During a concurrent interview and record review of Resident 45's clinical records, on 1/20/2023 at 4:52 p.m., the MDS-C confirmed she inaccurately coded Resident 49's MDS, dated [DATE], pressure ulcer section. The MDS-C stated she entered unstageable when it should have been sacrococcyx pressure ulcer, stage 4 (a deep wound reaching the muscles, ligaments, or bones).
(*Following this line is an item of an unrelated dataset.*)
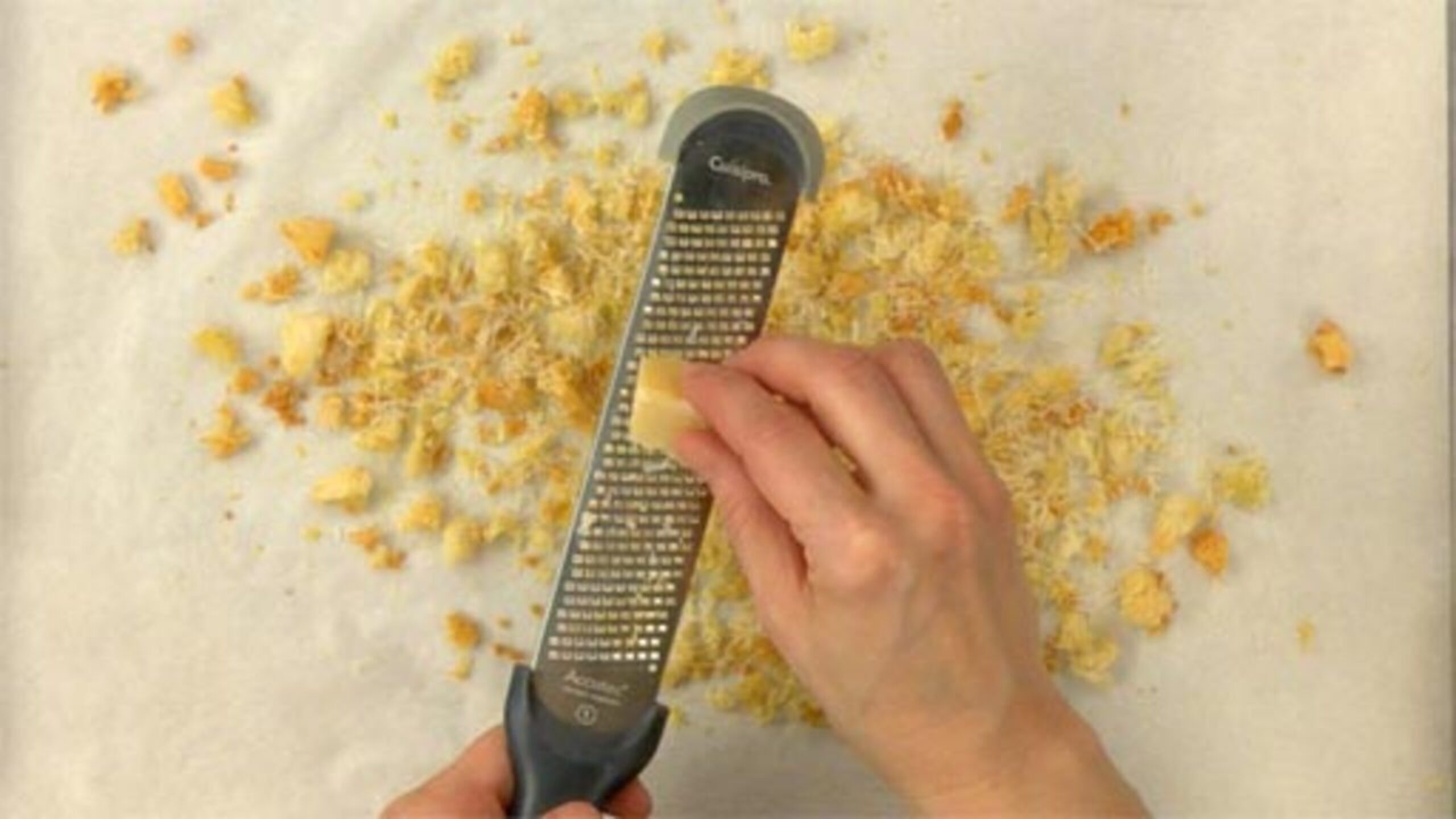 Remove the crust from the bread and place into a food processor. Pulse until you reach a coarse texture. Place the breadcrumbs into a bowl and toss with the olive oil. Season to taste with salt and pepper. Place onto a parchment-lined baking tray and bake until golden, tossing from time to time, about 10 minutes. Once done, zest the lemon over top. Toss to combine and set aside to cool.

The MDS-C confirmed the record Provider Communication Log for Daily Rounds, dated 11/8/2022 and 11/22/2022, both indicated sacrococcyx pressure ulcer stage 4. The MDS-C stated the purpose of coding the resident's MDS accurately was to plan the resident's care and evaluate what was working and what was not to help the resident's get better.
A review of the Resident Assessment Instrument (RAI) Version 3.0 Manual, dated 10/2019, indicated instructions to enter the number of pressure ulcers that are currently present and whose deepest anatomical stage is Stage 3. The RAI Manual indicated that the importance of accurately completing and submitting the MDS cannot be over-emphasized. The MDS is the basis for the development of an individualized care plan . the quality measures used for public reporting . research and policy development.